Legislature

Another push coming to legalize fantasy sports wagering in Iowa

Nick
Nick “1ucror” Dunham speaks in front of a spreadsheet at the DFS Players Conference about “The Process of a Top Cash Game Player” in daily fantasy sports betting in New York November 13, 2015. (REUTERS/Lucas Jackson)

DES MOINES — Today’s Super Bowl concludes another professional football season.

By the time the next season rolls around in the fall, if some state lawmakers have their way, it will be legal for Iowans to enjoy their pro football while playing fantasy sports.

State legislators are taking another run at passing legislation that would legalize fantasy sports wagering, including on popular online daily fantasy sports sites such as DraftKings and FanDuel.

Republican leaders are preparing to offer a bill that is practically identical to one that was considered a year ago but failed to make it through the legislative process.

If approved, wagering on fantasy sports would be legal in Iowa, taxed and regulated by the commission that oversees gambling and gaming in the state.

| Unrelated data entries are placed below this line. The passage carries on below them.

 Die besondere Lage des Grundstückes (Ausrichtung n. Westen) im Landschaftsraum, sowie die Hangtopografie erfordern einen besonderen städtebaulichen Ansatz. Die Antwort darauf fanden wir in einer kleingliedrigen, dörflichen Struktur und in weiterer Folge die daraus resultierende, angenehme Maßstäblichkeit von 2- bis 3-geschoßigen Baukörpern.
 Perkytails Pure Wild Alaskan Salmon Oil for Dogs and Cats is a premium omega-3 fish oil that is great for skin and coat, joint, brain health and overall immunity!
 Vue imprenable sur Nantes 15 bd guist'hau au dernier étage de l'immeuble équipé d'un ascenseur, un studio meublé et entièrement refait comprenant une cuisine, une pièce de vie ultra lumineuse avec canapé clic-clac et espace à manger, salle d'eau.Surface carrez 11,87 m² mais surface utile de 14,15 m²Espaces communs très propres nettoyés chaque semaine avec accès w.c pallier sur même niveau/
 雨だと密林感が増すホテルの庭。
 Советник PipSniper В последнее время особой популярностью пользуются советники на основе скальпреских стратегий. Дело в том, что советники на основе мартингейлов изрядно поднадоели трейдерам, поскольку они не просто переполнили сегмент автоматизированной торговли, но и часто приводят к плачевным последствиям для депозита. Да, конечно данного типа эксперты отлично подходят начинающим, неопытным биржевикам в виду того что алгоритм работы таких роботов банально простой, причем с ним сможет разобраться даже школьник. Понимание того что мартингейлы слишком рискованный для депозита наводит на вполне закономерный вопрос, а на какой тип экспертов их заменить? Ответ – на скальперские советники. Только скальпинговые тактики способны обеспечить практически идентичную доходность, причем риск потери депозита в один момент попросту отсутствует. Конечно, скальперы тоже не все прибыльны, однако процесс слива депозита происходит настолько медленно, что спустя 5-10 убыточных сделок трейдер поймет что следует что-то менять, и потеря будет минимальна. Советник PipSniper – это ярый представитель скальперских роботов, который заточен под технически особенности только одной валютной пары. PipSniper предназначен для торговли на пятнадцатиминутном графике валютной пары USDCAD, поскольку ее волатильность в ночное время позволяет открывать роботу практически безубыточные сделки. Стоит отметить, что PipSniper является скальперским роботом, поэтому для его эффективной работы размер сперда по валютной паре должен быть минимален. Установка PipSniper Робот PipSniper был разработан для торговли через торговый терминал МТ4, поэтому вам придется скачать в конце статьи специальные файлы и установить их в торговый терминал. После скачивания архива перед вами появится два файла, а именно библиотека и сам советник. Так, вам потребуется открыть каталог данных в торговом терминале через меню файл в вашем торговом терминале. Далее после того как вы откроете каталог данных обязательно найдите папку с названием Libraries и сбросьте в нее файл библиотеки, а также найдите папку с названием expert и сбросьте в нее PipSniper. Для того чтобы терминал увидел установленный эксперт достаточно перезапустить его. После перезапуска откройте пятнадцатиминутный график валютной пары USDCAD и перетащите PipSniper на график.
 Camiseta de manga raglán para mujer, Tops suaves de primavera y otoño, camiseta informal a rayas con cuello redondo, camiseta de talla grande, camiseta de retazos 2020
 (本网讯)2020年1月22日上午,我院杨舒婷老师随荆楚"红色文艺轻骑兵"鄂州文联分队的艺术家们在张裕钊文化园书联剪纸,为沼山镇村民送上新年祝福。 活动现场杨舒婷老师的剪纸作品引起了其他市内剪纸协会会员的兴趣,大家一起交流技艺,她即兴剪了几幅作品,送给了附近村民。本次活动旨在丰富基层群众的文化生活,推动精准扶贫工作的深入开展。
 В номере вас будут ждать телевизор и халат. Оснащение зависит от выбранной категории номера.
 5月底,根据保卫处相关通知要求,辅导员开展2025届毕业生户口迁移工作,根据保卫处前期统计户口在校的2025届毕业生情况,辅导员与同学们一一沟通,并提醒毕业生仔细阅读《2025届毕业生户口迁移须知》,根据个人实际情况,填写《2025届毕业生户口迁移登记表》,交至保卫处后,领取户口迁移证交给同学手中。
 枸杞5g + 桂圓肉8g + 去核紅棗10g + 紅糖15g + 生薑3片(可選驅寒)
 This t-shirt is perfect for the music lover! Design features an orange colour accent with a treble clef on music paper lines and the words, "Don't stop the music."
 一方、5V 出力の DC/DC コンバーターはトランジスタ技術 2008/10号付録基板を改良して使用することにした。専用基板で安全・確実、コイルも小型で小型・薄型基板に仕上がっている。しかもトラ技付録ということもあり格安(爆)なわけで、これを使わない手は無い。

“I’m for freedom, economic opportunity, and I believe fantasy sports are something that Iowans have come to accept,” said Sen. Jeff Danielson, D-Waterloo. “They do it. Most were unaware that it (is) not legal. ... So I’m in favor of legalizing it.”

Under the proposal to legalize wagering on fantasy sports, the state Racing and Gaming Commission would license companies, investigate violations and levy fines and suspensions; fantasy sports providers would pay a 7.5 percent tax on revenues, and that money would go into the state’s infrastructure fund; players wagering on fantasy sports would be required to be 21 years old; and high school and college athletics would not be permitted to be the subject of wagering.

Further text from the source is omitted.